Online Health Chat with Todd Coy, DMD
Wednesday, November 8, 2017
Cleveland Clinic’s Section of Dentistry treats routine dental patients daily, but also handles more complex medical and dental issues. Cleveland Clinic dentists employ the latest techniques and most advanced technologies to solve complex oral and dental problems. More important than the latest technology, however, is the firm belief that the team approach to solving problems provides superior results.
Despite improvements in dental care, millions of Americans suffer tooth loss – mostly due to tooth decay, periodontitis (gum disease) or injury. For many years, the only treatment options available for people with missing teeth were bridges and dentures. But today, dental implants are available.
About the Speaker
Todd Coy, DMD received his dental degree from Case Western Reserve University School of Dental Medicine and completed a general practice residency at Cleveland Clinic. He joined the staff in 2006, served as program director for the general practice residency until 2013 and now serves as section head of dentistry. Dr. Coy provides general restorative dental care, and has special interests in dental care for medically complex patients, treatment of traumatic dental injuries and sleep apnea. He maintains membership in professional societies including the American Association of Hospital Dentists, American Dental Association, Greater Cleveland Dental Society and the Academy of Dental Sleep Medicine.
Let’s Chat About Dental Implants
heartline: What brand of dental implants do you use? Also, what is the cost of each for the implant, restoration, extraction fee (if needed), cone beam X-ray and consultation?

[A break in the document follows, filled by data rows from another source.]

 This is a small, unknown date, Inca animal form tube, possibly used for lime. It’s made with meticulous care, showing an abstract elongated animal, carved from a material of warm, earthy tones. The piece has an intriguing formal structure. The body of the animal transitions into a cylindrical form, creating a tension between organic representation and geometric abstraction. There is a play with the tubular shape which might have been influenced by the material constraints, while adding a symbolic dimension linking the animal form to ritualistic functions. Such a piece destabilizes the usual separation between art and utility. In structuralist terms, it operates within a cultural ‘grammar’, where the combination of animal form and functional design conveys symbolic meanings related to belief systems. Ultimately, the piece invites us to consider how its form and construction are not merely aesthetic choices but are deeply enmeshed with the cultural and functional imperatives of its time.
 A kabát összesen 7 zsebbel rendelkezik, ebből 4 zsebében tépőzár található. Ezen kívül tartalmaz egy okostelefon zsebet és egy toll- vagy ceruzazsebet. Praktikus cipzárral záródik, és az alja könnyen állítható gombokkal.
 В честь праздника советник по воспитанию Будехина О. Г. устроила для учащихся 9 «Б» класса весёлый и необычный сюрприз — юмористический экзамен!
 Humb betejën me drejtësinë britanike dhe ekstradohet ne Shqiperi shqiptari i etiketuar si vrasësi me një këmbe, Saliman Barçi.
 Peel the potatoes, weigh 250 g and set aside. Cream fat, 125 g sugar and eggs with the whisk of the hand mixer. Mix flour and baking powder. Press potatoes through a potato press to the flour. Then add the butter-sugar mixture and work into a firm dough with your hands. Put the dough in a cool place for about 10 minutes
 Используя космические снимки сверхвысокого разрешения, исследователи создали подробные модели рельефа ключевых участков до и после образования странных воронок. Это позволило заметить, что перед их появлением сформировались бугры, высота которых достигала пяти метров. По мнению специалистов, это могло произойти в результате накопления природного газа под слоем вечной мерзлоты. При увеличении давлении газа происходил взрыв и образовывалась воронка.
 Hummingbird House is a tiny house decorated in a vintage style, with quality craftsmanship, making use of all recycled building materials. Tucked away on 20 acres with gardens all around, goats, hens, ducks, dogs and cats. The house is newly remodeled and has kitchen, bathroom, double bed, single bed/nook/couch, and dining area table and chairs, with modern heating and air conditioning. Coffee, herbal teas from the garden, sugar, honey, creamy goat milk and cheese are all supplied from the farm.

Todd_Coy,_DMD.: Although there are many quality manufacturers of dental implants, we typically use Straumann implants. The cost can vary depending on individual needs, but typically falls between $3000 and $5000 for a single tooth replacement. The line item costs would have to be addressed by our business office.

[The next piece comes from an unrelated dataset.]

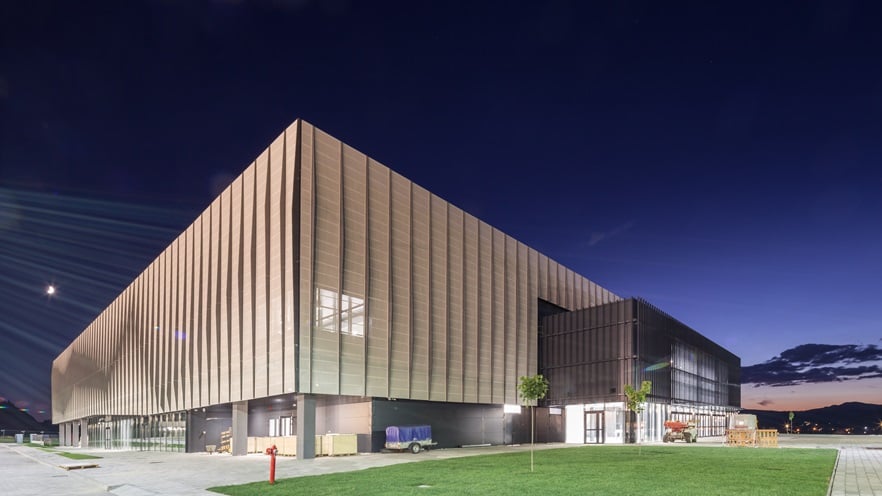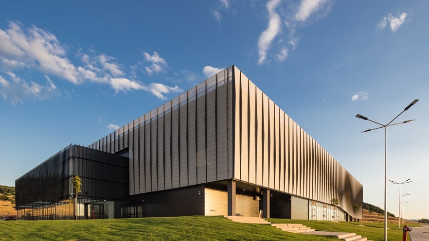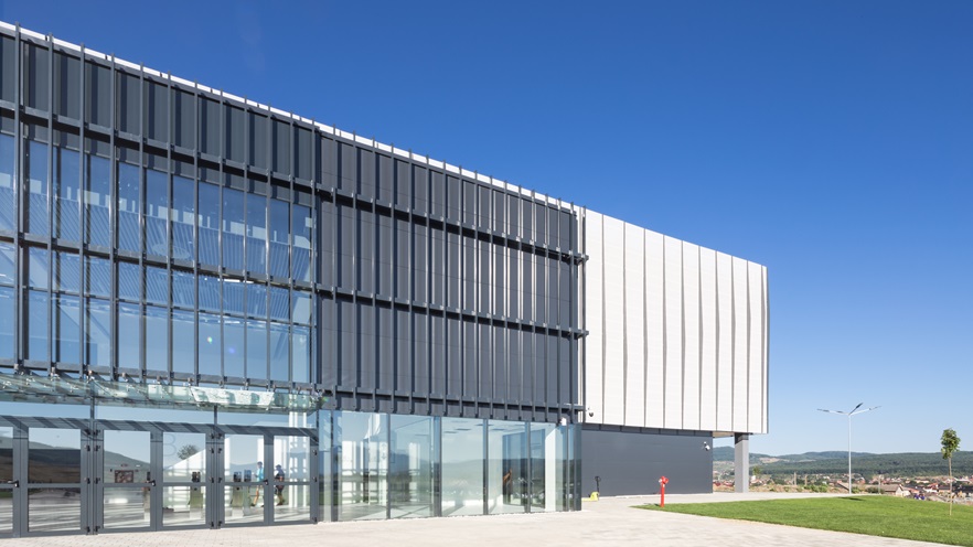 Printre provocările proiectului se află cea care ține de eficiența economică a soluțiilor, derivată din logica spațială și împachetarea rațională a funcțiunilor. Provocarea arhitecturală cea mai importantă a venit din răspunsul pe care l-a oferit biroul de arhitectură DICO&TIGANAS către contextul natural-peisager deosebit. Acesta i-a provocat să recurgă la o comunicare vizuală cât mai bună și subtilă între spațiile interioare care îmbracă sala principală si exteriorul natural sau amenajat. Astfel, biroul de arhitectură a recurs la transparență și transluciditate, obținută prin suprafețe vitrate și placaje cu tablă de aluminiu perforată, care capătă astfel și rol de protecție solară. Tâmplăriile din aluminiu și tabla perforată, tot din aluminiu, sunt elementele anvelopei care permit exprimarea ritmurilor compoziției arhitecturale, robuste, sobre și contemporane.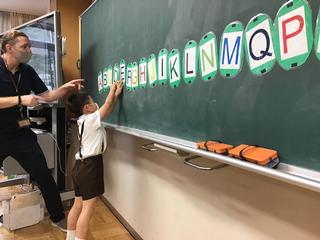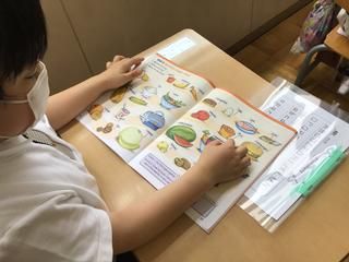 Now the 1st graders are studying about different foods in English class. We all practice the food jingle together which has a different food for every letter of the alphabet. We had a lot of fun telling each other about our favorite foods. We also read a storybook written by a Notre Dame teacher and sang songs in English.

bsims: Hello. I already have two dental implants, and I am very pleased with my medical provider. The process from pulling a tooth to placing the implant, healing cap, abutment then crown is a long process due to healing. I see advertisements for implants in a day. How can this be? Am I missing something? Thanks.
Todd_Coy,_DMD.: In the case of a single tooth replacement, certain clinical situations can be suitable for implant placement immediately at the time of tooth extraction. Several patient-specific factors need to be considered to determine whether that is a possibility. Having all remaining teeth extracted and replaced in a day is possible and often means that several implants are placed in positions in which they can be immediately stable and able to support the new teeth. Typically, this is a temporary prosthesis that would be replaced with a more definitive one once the implants complete the healing phase.
bettys: What are the pros and cons of using a custom abutment versus a stock?
Todd_Coy,_DMD.: Custom abutments are often a necessary choice due to angulation and spacing. This allows a dentist to have more control over the final shape and position of the implant crown. Stock abutments are generally less costly and work very well when crown positioning is straightforward.
nance: Dear Doctor, I am an 86-year-old woman. I am healthy and have all of my teeth. I had my first and only root canal in July on the back lower molar number 31. However, my dentist would not place a crown on the tooth because it remained sensitive to pressure after a healing time of more than three months. My dentist has sent me back to the endodontist who is doing a second root canal in a week on this same tooth. I have been told if this doesn't work, I must have the tooth extracted. My question is: Am I a good candidate for an implant, even at my age? I'd hate to have the bone loss and sunken-in face if the tooth is not replaced. I have a pacemaker, so I also need to know if the titanium screw would interfere with the pacer. Thank you so much for answering my questions.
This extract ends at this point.